▸ **Task**:
Given the entries that follow, write out exactly the lines starting at the one containing "Anlässlich des 11-jährigen" and ending at the one containing "國家體育總局群眾體育司司長劉國永向作家關(guān)仁山(顧超代表)遞交創(chuàng)作委托書 中國作家網(wǎng) 超俠", both ends included, and only those.

▸ **Study material**:
· · · · · · ·

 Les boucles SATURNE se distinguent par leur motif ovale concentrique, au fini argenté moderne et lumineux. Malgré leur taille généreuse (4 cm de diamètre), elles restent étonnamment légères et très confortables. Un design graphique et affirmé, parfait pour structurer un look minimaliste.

· · · · · · ·

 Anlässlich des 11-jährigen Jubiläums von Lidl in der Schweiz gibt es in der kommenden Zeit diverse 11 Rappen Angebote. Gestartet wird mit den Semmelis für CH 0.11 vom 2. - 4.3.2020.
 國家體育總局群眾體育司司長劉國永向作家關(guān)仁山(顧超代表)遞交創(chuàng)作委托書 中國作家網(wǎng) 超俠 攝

· · · · · · ·

▸ **Result below**:
 Anlässlich des 11-jährigen Jubiläums von Lidl in der Schweiz gibt es in der kommenden Zeit diverse 11 Rappen Angebote. Gestartet wird mit den Semmelis für CH 0.11 vom 2. - 4.3.2020.
 國家體育總局群眾體育司司長劉國永向作家關(guān)仁山(顧超代表)遞交創(chuàng)作委托書 中國作家網(wǎng) 超俠 攝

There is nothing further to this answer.